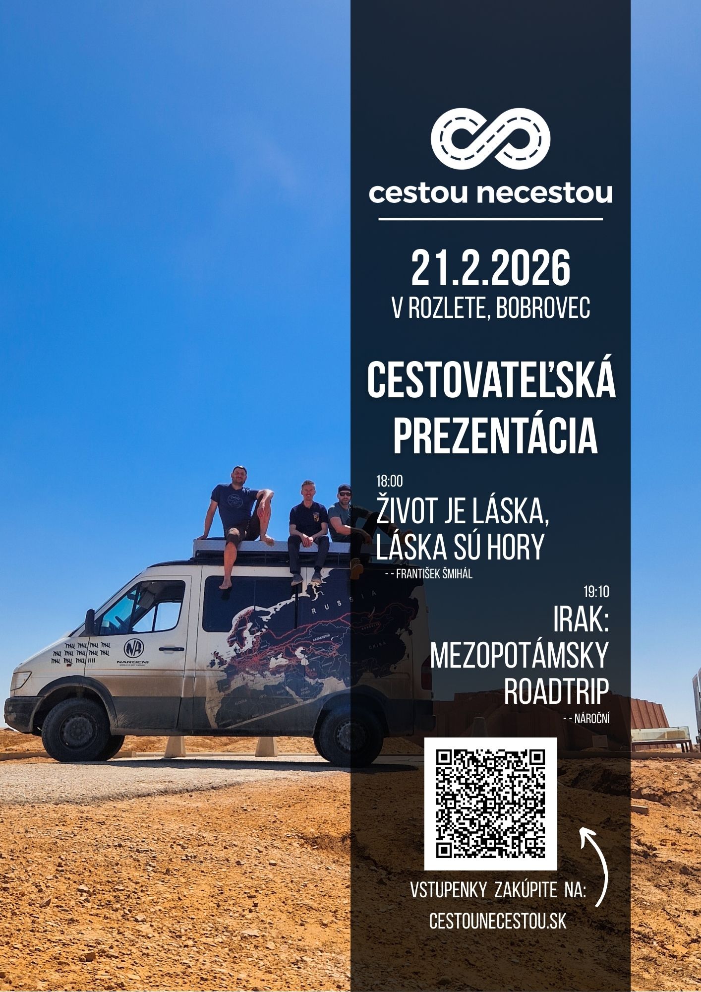 Príďte na večer plný silných príbehov a veľkých ciest. Od tatranských štítov a filozofie pohybu s Ferom Šmihálom až po 9 000 km dlhý roadtrip naprieč Irakom – krajinou histórie, kontrastov a výnimočných ľudí. Dva svety, dve cesty, jeden nezabudnuteľný večer.
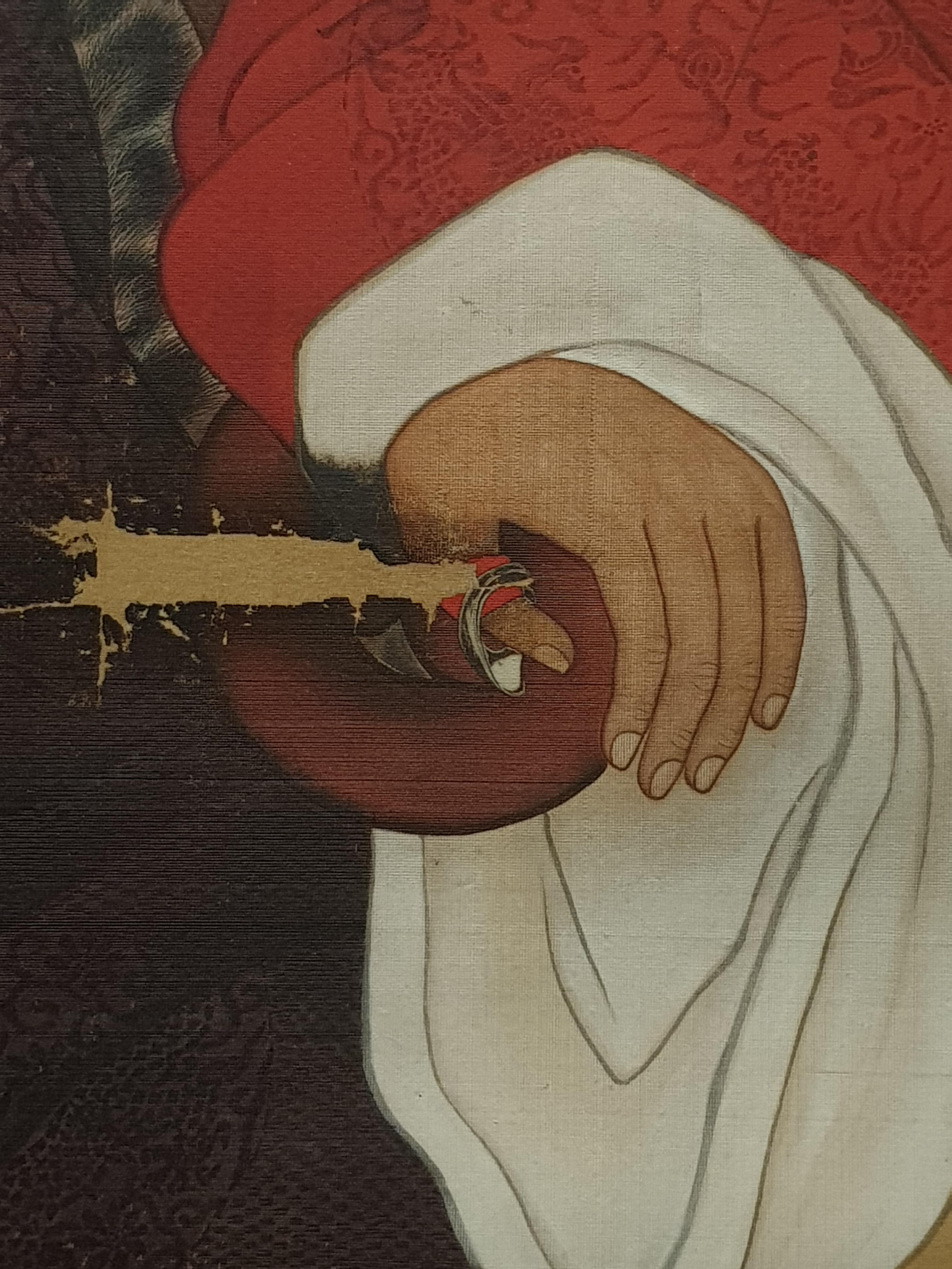 칼이 임금 왼편에 있는데 걸이장치가 안보이는 게 아닌가 한다.
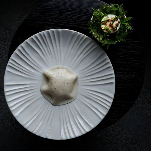In this elegant space, set within a serene glasshouse on the seventh floor of The Ritz-Carlton, lush greenery blends with a striking wooden ceiling carved with nature-inspired motifs. Chef David Toutain presents a seasonal tasting menu that is creative, delicate and distinctly plant-forward, with clever touches that balance land and sea. The zero-proof drink pairing is a smart choice, enhancing flavours without overwhelming the delicate nuances of the food.
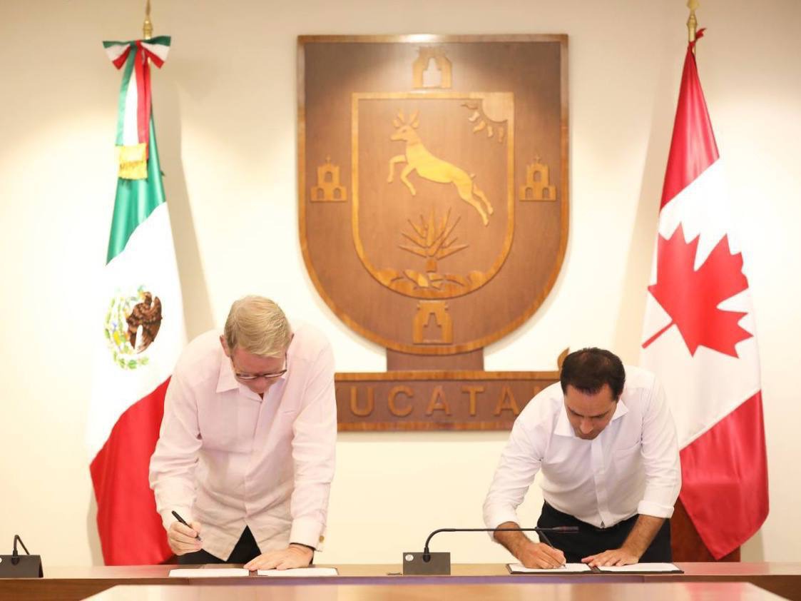 Yucatán y Canadá refuerzan lazos de cooperación al firmar el Gobernador Mauricio Vila Dosal y el Embajador de Canadá en México, Graeme C. Clark, un convenio de colaboración con el que ratifican el compromiso de continuar el trabajo coordinado con el objetivo de generar más oportunidades que eleven la calidad de vida de las y los yucatecos.
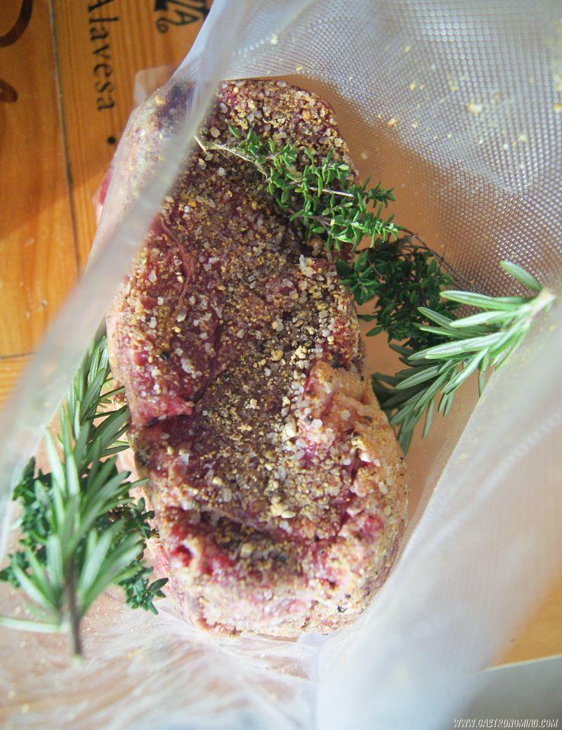 Lo bueno de sellar la carne antes de meterla al vacío es que daremos un punto de sabor por la reacción de Maillard, bueno, digamos que medio punta ya que es prácticamente inapreciable en el resultado final. El aspecto no es prioritario ahora ya que se va a perder durante la cocción al vacío, pero si vamos a eliminar los posibles patógenos que podría tener la carne ya que normalmente la mayoría se encuentran en la parte exterior de la carne y esto, sumado a la prolongada cocción, nos dará un extra de seguridad para eliminar bacterias.Si no tienes romero fresco, usa 1/2 cucharada de romero seco, si te pasa lo mismo con el tomillo fresco, usa 1 cucharada de tomillo seco, si lo que te falta es ajo en polvo, puedes usar 4 dientes picados y si lo que no tienes es mostaza en polvo, usa 2 cucharadas de Salsa de mostaza y lo que debes hacer si te falta tantas especias y pasarte por todoespecias.com nuestro proveedor oficial de especias que seguro que tiene todas las especias que te faltan.
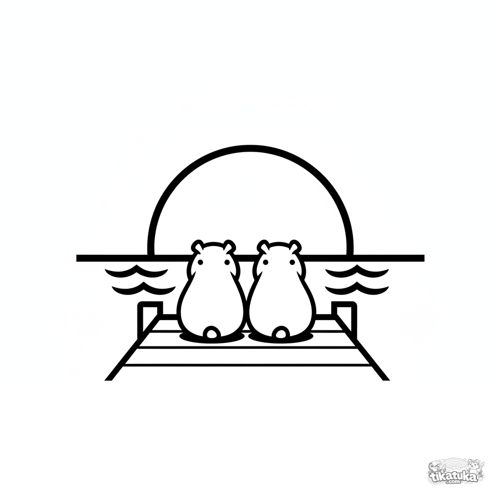 Ganz einfaches Ausmalbild für Kleinkinder 2-3: Zwei Capybara-Freunde sitzen auf einem Pier und schauen den Sonnenuntergang an. Große Formen, minimale Details.
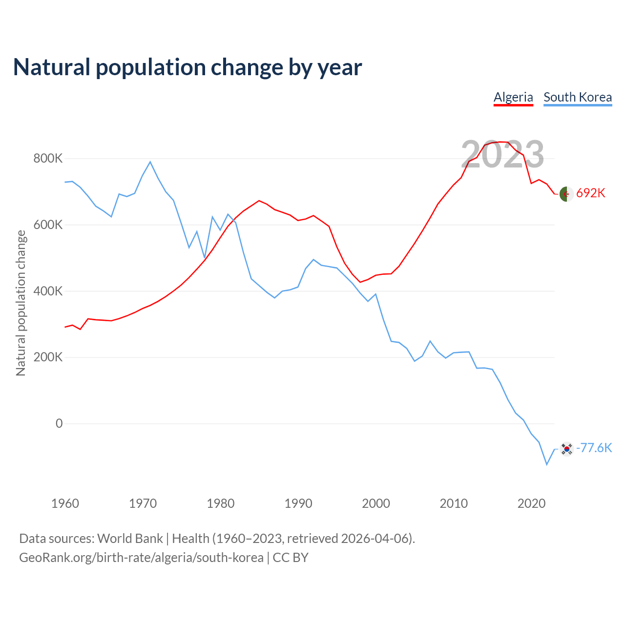 According to the latest available data on birth rates, the fertility rate in Algeria was 2.77 children per woman in 2023, compared to 0.72 in South Korea in 2023. The replacement level is considered to be 2.1 children per woman.
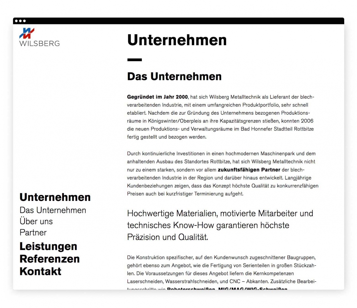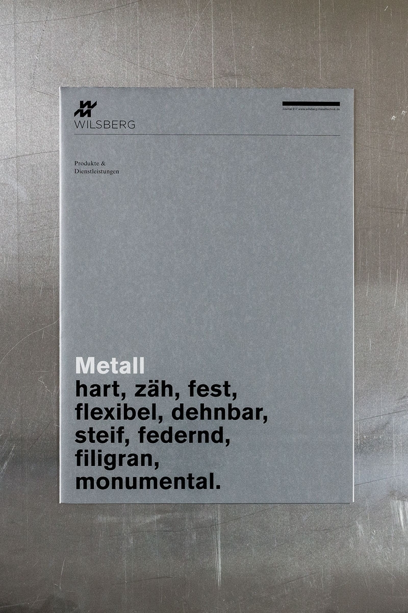 Art Direction, Editorial Design, Webdesign, Web Development, PhotographySeit 2012 begleitet Studio von Monkiewitsch das Unternehmen Wilsberg Metalltechnik in jeglicher gestalterischer und kommunikativer Hinsicht. Von Printmedien über Webdesign und Fotografie wurde eine klare, dem Unternehmen individuell zustehende, visuelle Sprache gegeben.
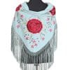 Mantón verde jabonoso bordado en beige, enrejado y flecado a mano con seda natural. Medidas 135x60cm aprox. (Sólo el mantón) más los flecos 25 cm (incluyendo el enrejado). Fabricado artesanalmente en la provincia de Sevilla.
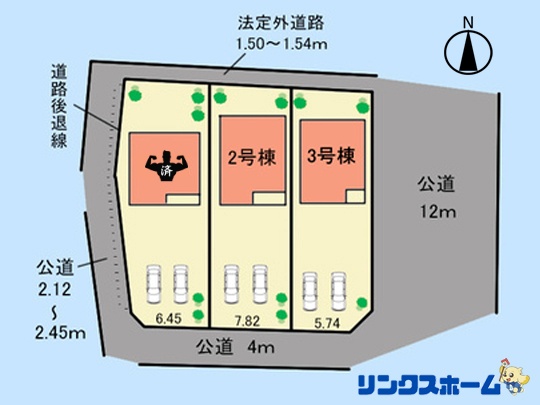 | 接道状況 | 東側12m公道 西側2.12~2.45m公道 南側4m公道 北側1.50~1.54m認定外道路 | ||
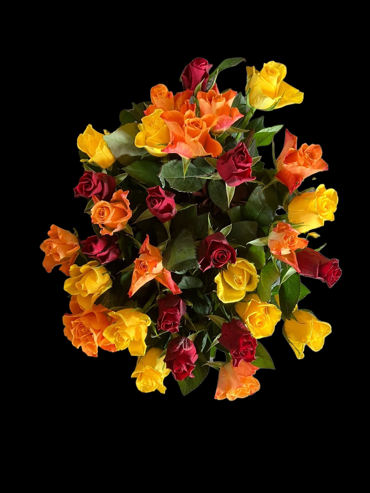 Laat het hart spreken met dit prachtige rozenboeket in warme kleuren. Een krachtige mix van rode, oranje en gele rozen, symbool voor liefde, energie en vriendschap. Dit boeket straalt warmte uit en is perfect als romantisch cadeau, opkikkertje of vrolijke verrassing.

> [Task to carry out] Write out the material above exactly, and omit the pictures it holds.

> [Solved problem]
 Príďte na večer plný silných príbehov a veľkých ciest. Od tatranských štítov a filozofie pohybu s Ferom Šmihálom až po 9 000 km dlhý roadtrip naprieč Irakom – krajinou histórie, kontrastov a výnimočných ľudí. Dva svety, dve cesty, jeden nezabudnuteľný večer.
 칼이 임금 왼편에 있는데 걸이장치가 안보이는 게 아닌가 한다.
In this elegant space, set within a serene glasshouse on the seventh floor of The Ritz-Carlton, lush greenery blends with a striking wooden ceiling carved with nature-inspired motifs. Chef David Toutain presents a seasonal tasting menu that is creative, delicate and distinctly plant-forward, with clever touches that balance land and sea. The zero-proof drink pairing is a smart choice, enhancing flavours without overwhelming the delicate nuances of the food.
 Yucatán y Canadá refuerzan lazos de cooperación al firmar el Gobernador Mauricio Vila Dosal y el Embajador de Canadá en México, Graeme C. Clark, un convenio de colaboración con el que ratifican el compromiso de continuar el trabajo coordinado con el objetivo de generar más oportunidades que eleven la calidad de vida de las y los yucatecos.
 Lo bueno de sellar la carne antes de meterla al vacío es que daremos un punto de sabor por la reacción de Maillard, bueno, digamos que medio punta ya que es prácticamente inapreciable en el resultado final. El aspecto no es prioritario ahora ya que se va a perder durante la cocción al vacío, pero si vamos a eliminar los posibles patógenos que podría tener la carne ya que normalmente la mayoría se encuentran en la parte exterior de la carne y esto, sumado a la prolongada cocción, nos dará un extra de seguridad para eliminar bacterias.Si no tienes romero fresco, usa 1/2 cucharada de romero seco, si te pasa lo mismo con el tomillo fresco, usa 1 cucharada de tomillo seco, si lo que te falta es ajo en polvo, puedes usar 4 dientes picados y si lo que no tienes es mostaza en polvo, usa 2 cucharadas de Salsa de mostaza y lo que debes hacer si te falta tantas especias y pasarte por todoespecias.com nuestro proveedor oficial de especias que seguro que tiene todas las especias que te faltan.
 Ganz einfaches Ausmalbild für Kleinkinder 2-3: Zwei Capybara-Freunde sitzen auf einem Pier und schauen den Sonnenuntergang an. Große Formen, minimale Details.
 According to the latest available data on birth rates, the fertility rate in Algeria was 2.77 children per woman in 2023, compared to 0.72 in South Korea in 2023. The replacement level is considered to be 2.1 children per woman.
 Art Direction, Editorial Design, Webdesign, Web Development, PhotographySeit 2012 begleitet Studio von Monkiewitsch das Unternehmen Wilsberg Metalltechnik in jeglicher gestalterischer und kommunikativer Hinsicht. Von Printmedien über Webdesign und Fotografie wurde eine klare, dem Unternehmen individuell zustehende, visuelle Sprache gegeben.
 Mantón verde jabonoso bordado en beige, enrejado y flecado a mano con seda natural. Medidas 135x60cm aprox. (Sólo el mantón) más los flecos 25 cm (incluyendo el enrejado). Fabricado artesanalmente en la provincia de Sevilla.
 | 接道状況 | 東側12m公道 西側2.12~2.45m公道 南側4m公道 北側1.50~1.54m認定外道路 | ||
 Laat het hart spreken met dit prachtige rozenboeket in warme kleuren. Een krachtige mix van rode, oranje en gele rozen, symbool voor liefde, energie en vriendschap. Dit boeket straalt warmte uit en is perfect als romantisch cadeau, opkikkertje of vrolijke verrassing.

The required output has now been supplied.